Insert inside photo here :)
Being the tinkering sort I wanted to find out exactly how much energy the system has generated over a long period of time. At first we got the data out of the system using the history buttons, but this process is slow and uncomfortable as the PL60 is mounted in the underfloor cavity and requires a trip outside. So I emailed the company asking for a protocol specification or a some linux software to talk to it - to find out how much power has gone through each day. They were extremely unhelpful, so I suggest you look elsewhere if you want to support linux friendly companies.
I reverse engineered their system and this page is for the code to talk to the pl60. I haven't tried it on any of their other models - please email me with any sucesses. The code currently gives:
I started out with the standard plan of putting 'sniffer lines' into an existing cable. However, sniffer lines don't work very well with any information encoded in the DTR or CTS lines, which toggled when the DOS program was downloading data.
To get around this I instead found program called sersniff which allows two serial ports to act like an electrical connection. The advantage of this approach is I know that if the device works correctly then replaying the signals should produce the same result. I then ran through all the menus that interested me on the DOS interface and recorded the timings of all the actions.
It was then a simple matter to chop up the sersniff program to output from a program rather than just forwarding information from the DOS machine. With a bit of guessing and experimenting I've worked out all the fields of interest to me, if other people want other stuff, and can work out how to change them, then I'll work out those fields too.
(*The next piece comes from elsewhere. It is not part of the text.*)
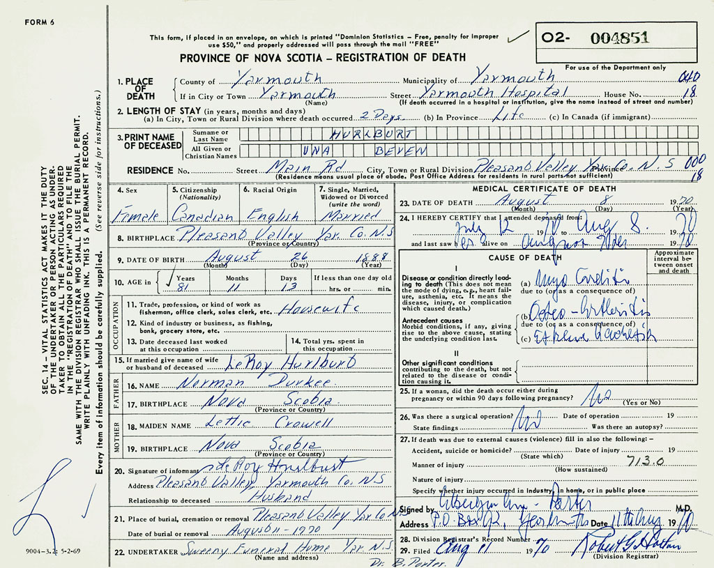 PROVINCE OF NOVA SCOTIA — REGISTRATION OF DEATH
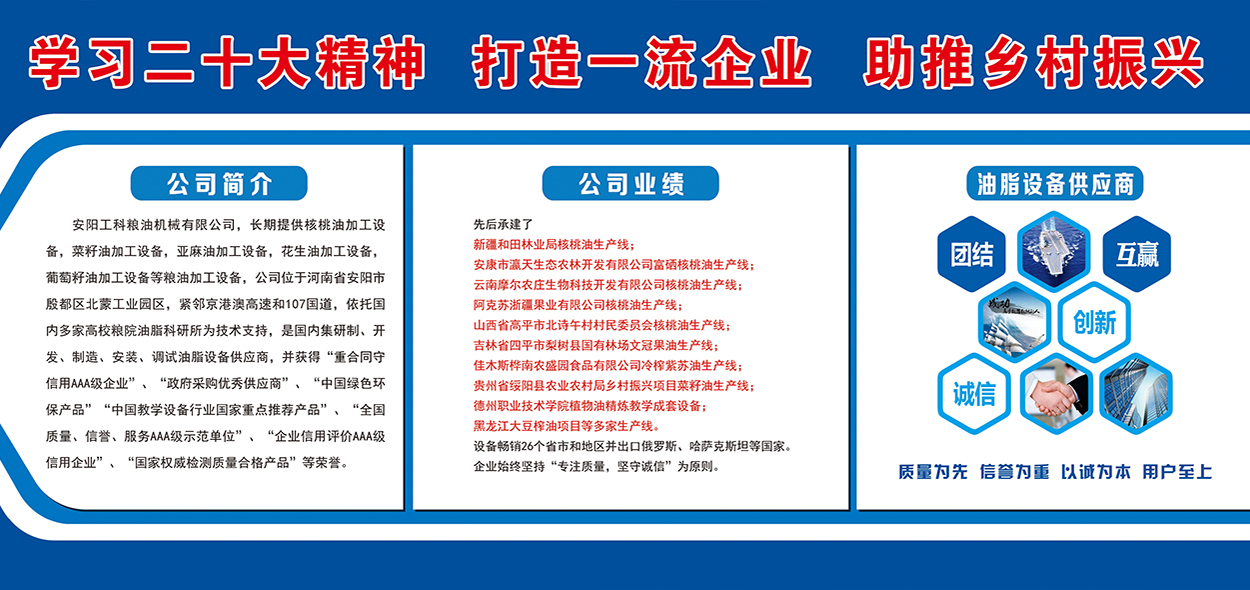 安陽工科糧油機(jī)械有限公司,長期提供核桃油加工設(shè)備,茶籽油加工設(shè)備,菜籽油加工設(shè)備,亞麻油加工設(shè)備,花生油加工設(shè)備,葡萄籽油加工設(shè)備等糧油加工設(shè)備,公司位于河南省安陽市殷都區(qū)北蒙工業(yè)園區(qū),緊鄰京港澳高速和107國道,依托國內(nèi)多家高校糧院油脂科研所為技術(shù)支持,是國內(nèi)集研制、開發(fā)、制造、安裝、調(diào)試油脂設(shè)備供應(yīng)商,并獲得“重合同守信用AAA級企業(yè)”、“政府采購優(yōu)秀供應(yīng)商”、“中國綠色環(huán)保產(chǎn)品”“中國教學(xué)設(shè)備行業(yè)國家重點(diǎn)推薦產(chǎn)品”、“全國質(zhì)量、信譽(yù)、服務(wù)AAA級示范單位”、“企業(yè)信用評價AAA級信用企業(yè)”、“國家權(quán)威檢測質(zhì)量合格產(chǎn)品”等榮譽(yù)。先后承建了新疆和田林業(yè)...

The code pushes the timing a little out of spec(to increase download speed), but the PL60 can handle it, and the code will retry on any request that fails.
I've worked out all but one of the fields in the 30 day log - possibly the last is an extra 8 bits or pair of 4bits for the Ah field - I've never got more than 180Ah in a day so I don't know what happens when you exceed 256Ah (Hmm, 60A*24hours = 1440 = 11 bits, probably could use an extra nibble) If someone lends me an extra few solar panels I should be able to find out :)
The included python program daydata.py decodes the
registers and outputs in a table
Also intended to be included is a python program to generate a web page for the solar data (both instantaneous and 30 day). I use a cron job to pull the 30 day data out once a day when there is no load on the system. The web generator will be in 1.0.